12c SOA - WS Security - expose service with header and WSSE user token authentication

  • WS-Security is a specification published by OASIS, it is mainly aimed for SOAP Web Services. It encompasses a number of mechanisms to strengthen the integrity and confidentiality of the messages exchanged between these type of services such as data encryption, security tokens, username and password validation, signed messages, etc.
  • On the other hand, Oracle Web Service Manager (OWSM) is a component of Oracle SOA Suite that provides a framework for centralizing policy management and security of Web Services.
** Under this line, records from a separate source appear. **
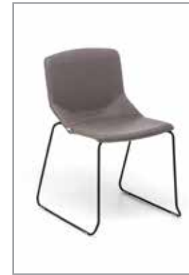
Chrome or Painted Frame: $740 List
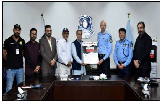
ISLAMABAD: Senior officers of Islamabad Capital Police, DG ZARRA alert, and representatives of social organization Roshni were present at the occasion.

cover missing and abducted children. While utilizing this new digital platform, resolving the issues of missing and abducted children is among the top priorities of Islamabad Capital Police. In this regard, Islamabad Capital Police will take effective measures to combat crimes against children and ensure that those involved are brought to justice.
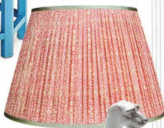
Floral Silk lampshade; pennymorrison.com
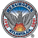
Kasim Reed Mayor of Atlanta

A handwritten signature in black ink that reads "Kasim Reed". The signature is fluid and cursive.
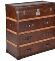
Ampleforth Medium Chest L: 39.4" / 100 cm W: 19.7" / 50 cm H: 40.2" / 102 cm
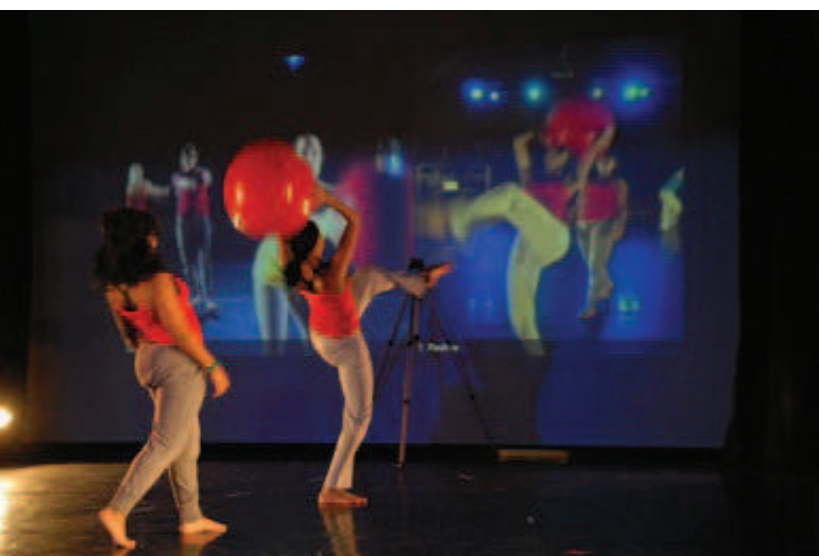
Figure 8. Project 5 Passing the ball across the space.
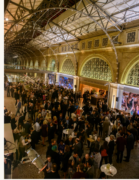
The Ferry Building on the Embarcadero
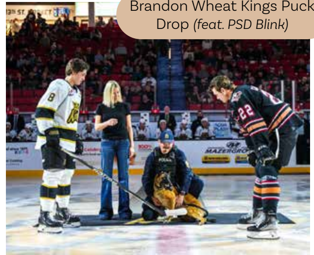
Brandon Wheat Kings Puck Drop (feat. PSD Blink)
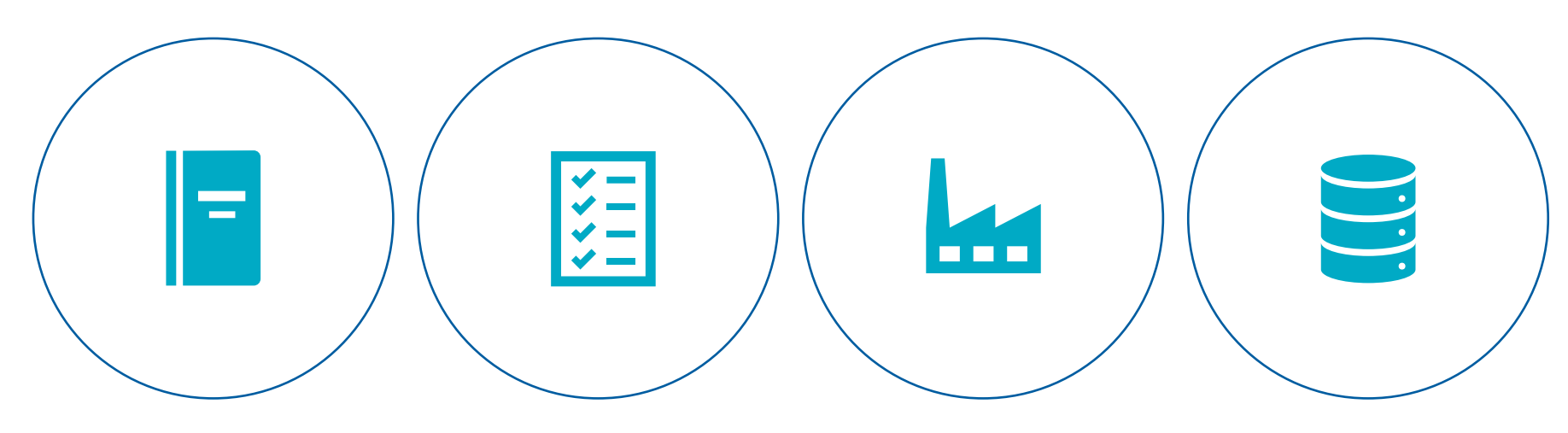
Authentication of identity of applicant
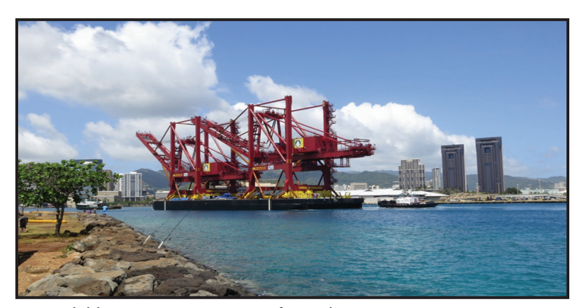
CBC's new deck barge OCEANUS comes into Hawaii from South Korea carrying cranes.
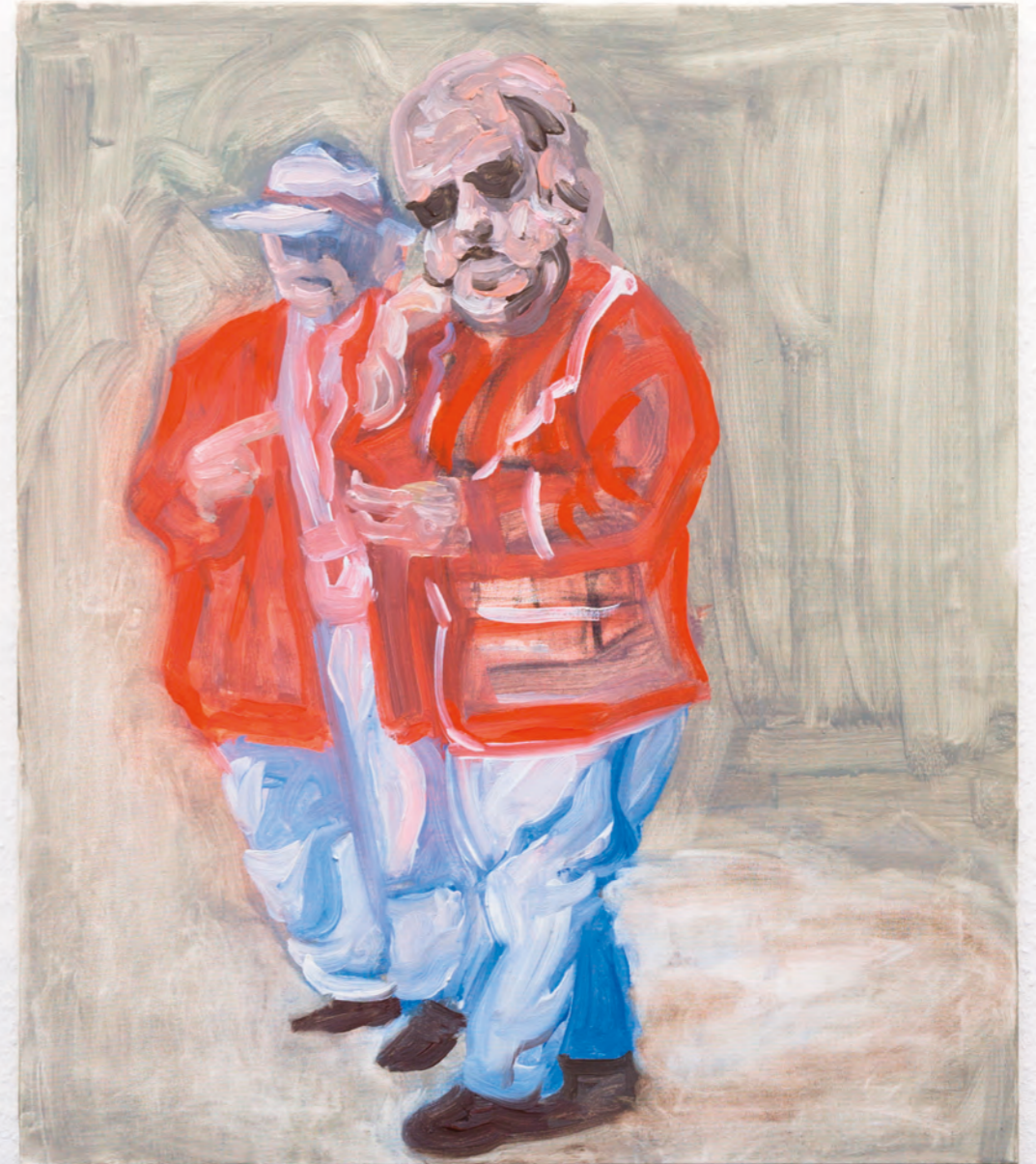
TWO FIGURES IN RED AND BLUE 70 x 60 cm oil on canvas
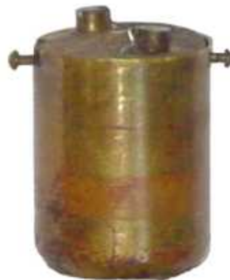
Brush-Swan (Pins 45° to contacts)
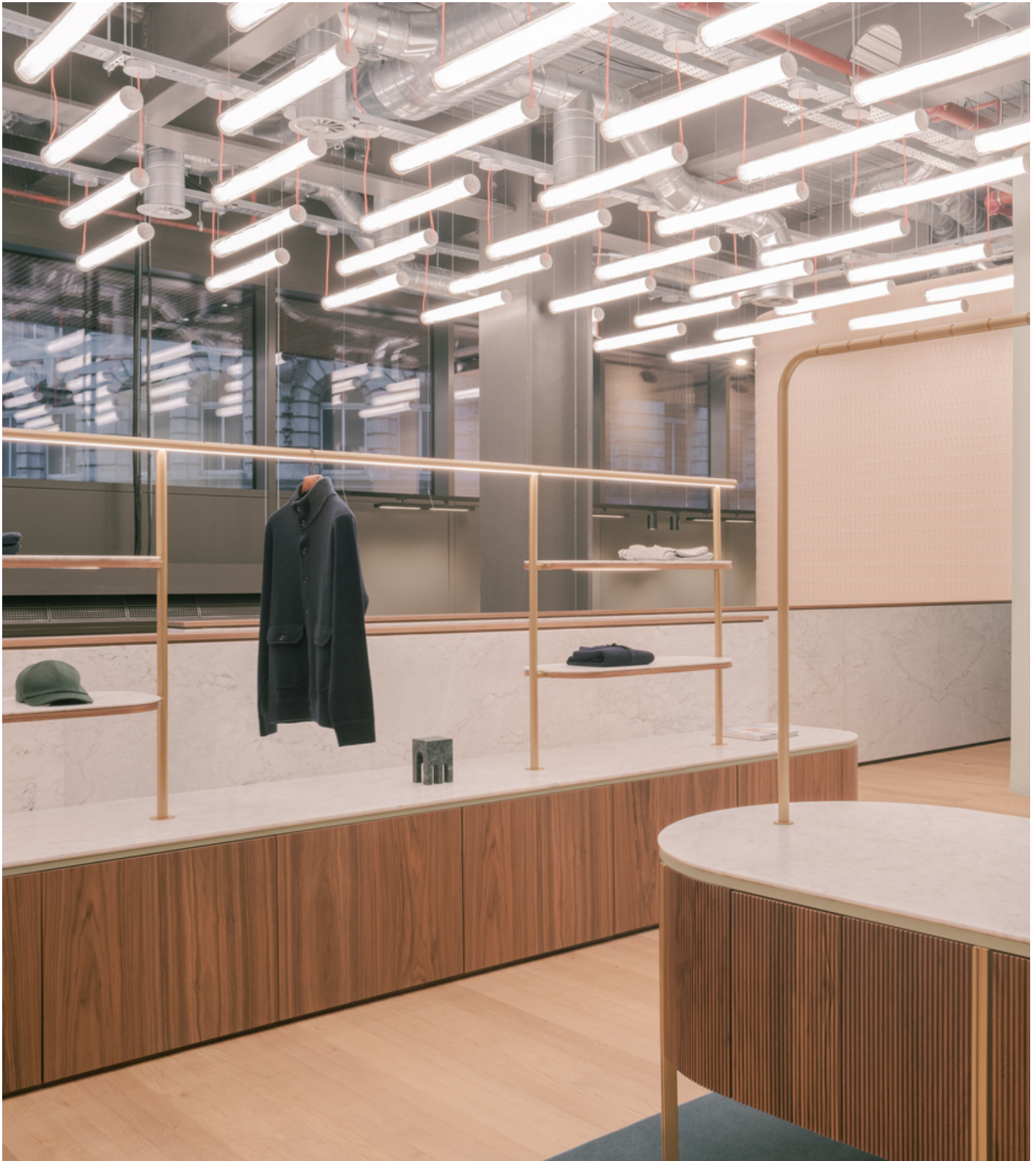
Criosfera - Giulia Foscari UNA / UNLESS

Artemide contributes to the new Luca Faloni store with a lighting project that enhances the architectural language and defines a refined and welcoming retail experience. The space combines warm materials such as wood and stone with a more technical, open ceiling, where light becomes a distinctive element. Here, Criosfera structures the perception of the environment through a rhythmic composition of suspended luminaires, creating a luminous landscape that adds depth and identity while providing soft and uniform illumination.
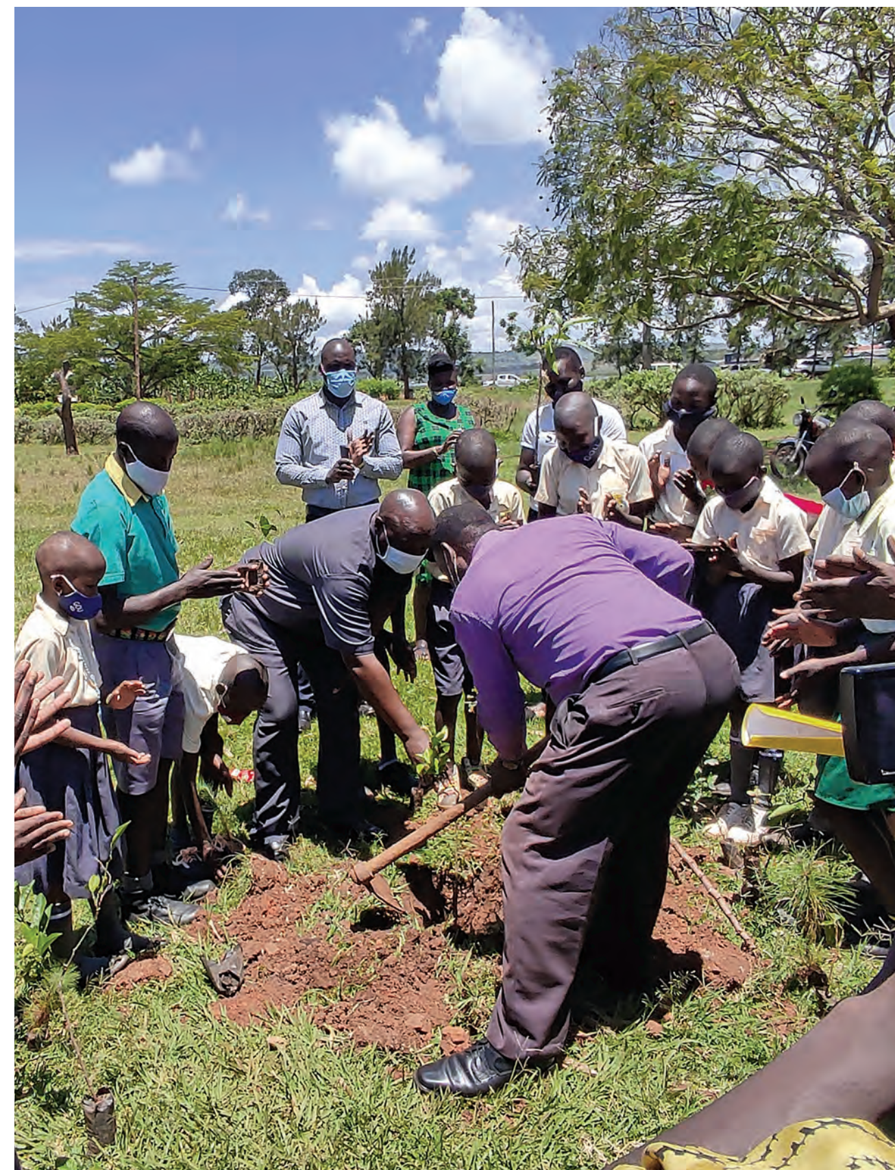
The head teacher and pupils of Prisons Primary School plant trees at school during a Multi-Stakeholder Environmental Conservation Sensitization program organized by the Nile Basin Discourse Forum on Nile Day 2021 in Jinja, Uganda.

Today, CIWA’s new Nile Cooperation for Climate Resilience (NCCR) project is stepping up CIWA’s strategic engagement to strengthen climate resilience in the Basin.
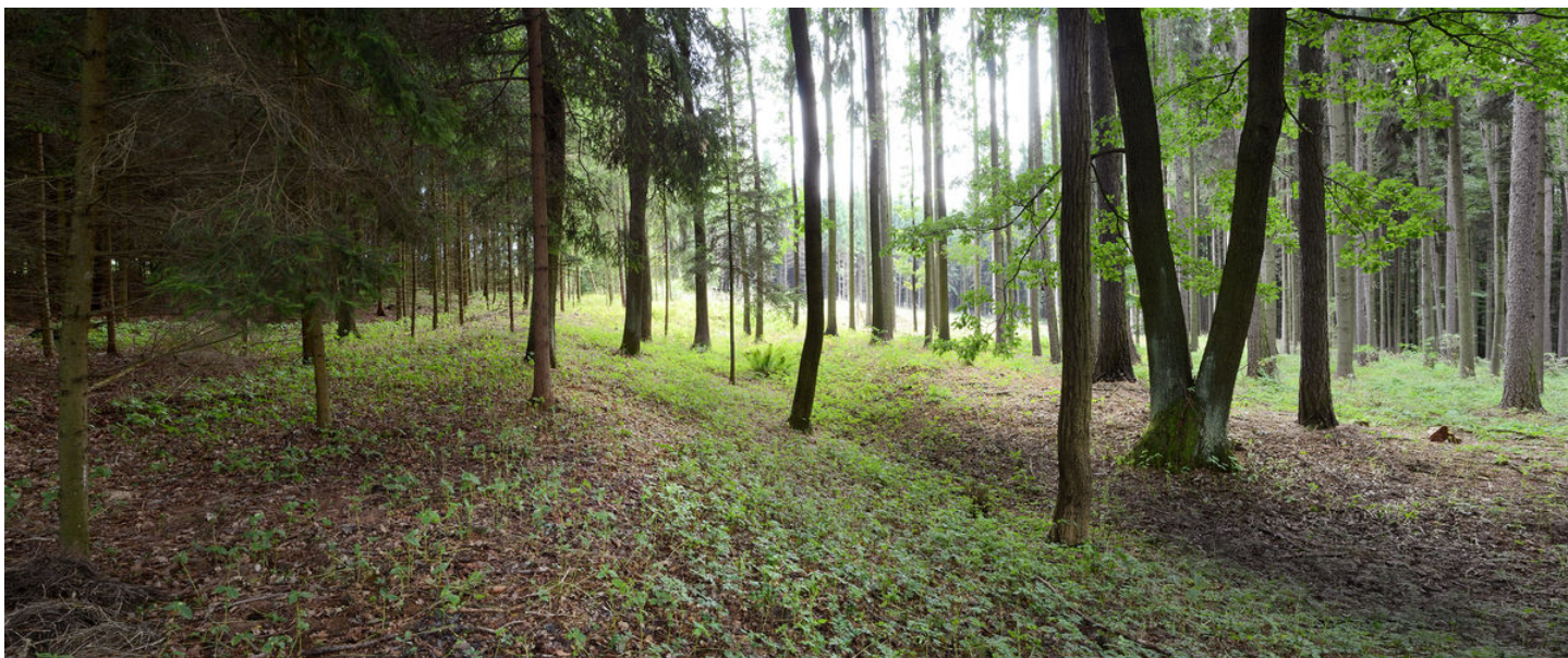
Several lines of banks.
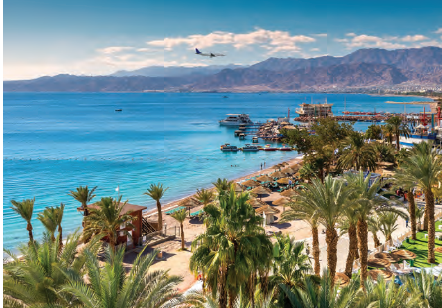
Eilat, Red Sea
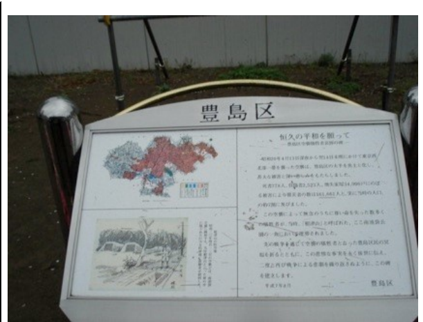
Memorial plaque for the victims of the April 13-14 air raid in Minami-Ikebukuro Park. The map at the top left shows the burned area of Toshima ward in red.

Nezuyama was the local name for a thickly wooded area to the east of Ikebukuro Station. During the war, four large public air raid shelters were built there. On the night of the air raid, hundreds of people fled from the fires to the shelters. The heat of the conflagration around Nezuyama was so intense that whirlwinds raged through the woods. The following morning, the bodies of 531 people who perished in the fires in the surrounding districts were temporarily buried in a field at the southwest corner of the woods. All that remains of Nezuyama is that space, now Minami-Ikebukuro Park, where they hold the memorial service every year.
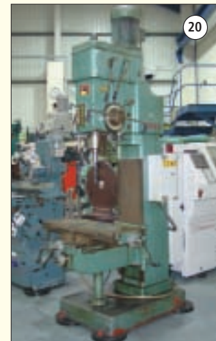
ARBEGA: Pedestal Drill. 900mm x 350mm Table. 400mm Throat. 5 M/T (3"). Power Feed. Tapping. £3,250
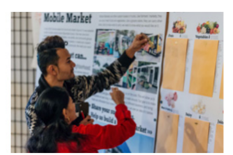
Students collect information from community partners through the Participatory Budgeting Method.
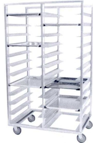
Double Rack Model 9172-1824
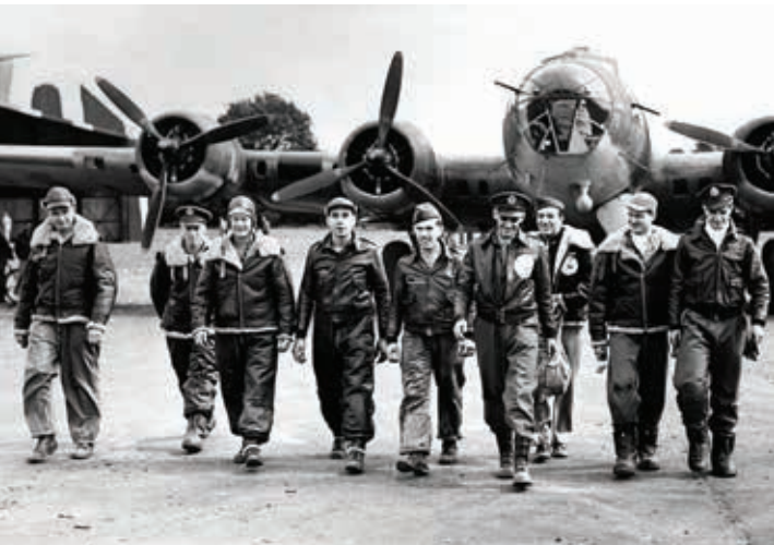
MIGHTY EIGHTH AIR FORCE

Air superiority came with a cost. Some airmen remember a saying that to “fly in the Eighth Air Force then was like holding a ticket to a funeral —your own.” The Eighth Air Force suffered more than 47,000 casualties, including 26,000 dead. Every American military cemetery in Europe features the names, squadrons, and bomb groups of the Eighth Air Force.
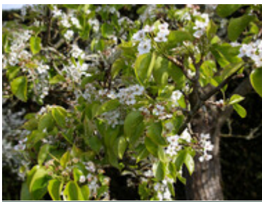
Pyrus calleryana 'Chanticleer'

P. calleryana 'Chanticleer' is a narrowly conical tree growing, eventually, to about 20ft in height. Its leaves and racemes of white umbel-like flowers, which appear in mid spring, are very similar to those of standard culinary or desert pear trees. This tree has however a number of differences in that it is often thorny and the fruits are fairly tiny, brown and rounded.

OWSM is based on the WS-Policy standard and can be used in development time, or from the management console.
  • For the SOAP Service the username and password will travel in the UsernameToken element embedded within the SOAP Envelope message Header, and for the REST service, it will travel in the HTTP transport Header.
Here you will find how to configure from a development perspective using JDeveloper, a policy-based user and password authentication for a SOAP.

Implementation:

Step1: Create a Schema:
XSD:
<?xml version="1.0" encoding="windows-1252" ?>
<xsd:schema xmlns:xsd="http://www.w3.org/2001/XMLSchema" xmlns="http://www.emp.test"
            targetNamespace="http://www.emp.test" elementFormDefault="qualified">
    <xsd:element name="EmployeeRequest">
        <xsd:complexType>
            <xsd:sequence>
                <xsd:element name="EmpId" type="xsd:string"/>
                <xsd:element name="EmpName" type="xsd:string"/>
                <xsd:element name="Address" type="xsd:string"/>
            </xsd:sequence>
        </xsd:complexType>
    </xsd:element>
        <xsd:element name="EmployeeResponse">
        <xsd:complexType>
            <xsd:sequence>
                <xsd:element name="result" type="xsd:string"/>
            </xsd:sequence>
        </xsd:complexType>
    </xsd:element>
    <xsd:element name="requestHeader">
    <xsd:complexType>
        <xsd:sequence>
            <xsd:element name="User" type="xsd:string" minOccurs="0"/>
            <xsd:element name="Id" type="xsd:string" minOccurs="0"/>
        </xsd:sequence>
    </xsd:complexType>
    </xsd:element>
</xsd:schema>

Step2: Create a WSDL:
Right click on project folder WSDLs⇾New⇾From Galary⇾All Items⇾WSDL(builder)(Interfaces)⇾OK⇾Provide Service Name,Port type, operation and choose Interface Type as Synchronous and Add the message part(Request and Header) in the Input and Response in the Output sections.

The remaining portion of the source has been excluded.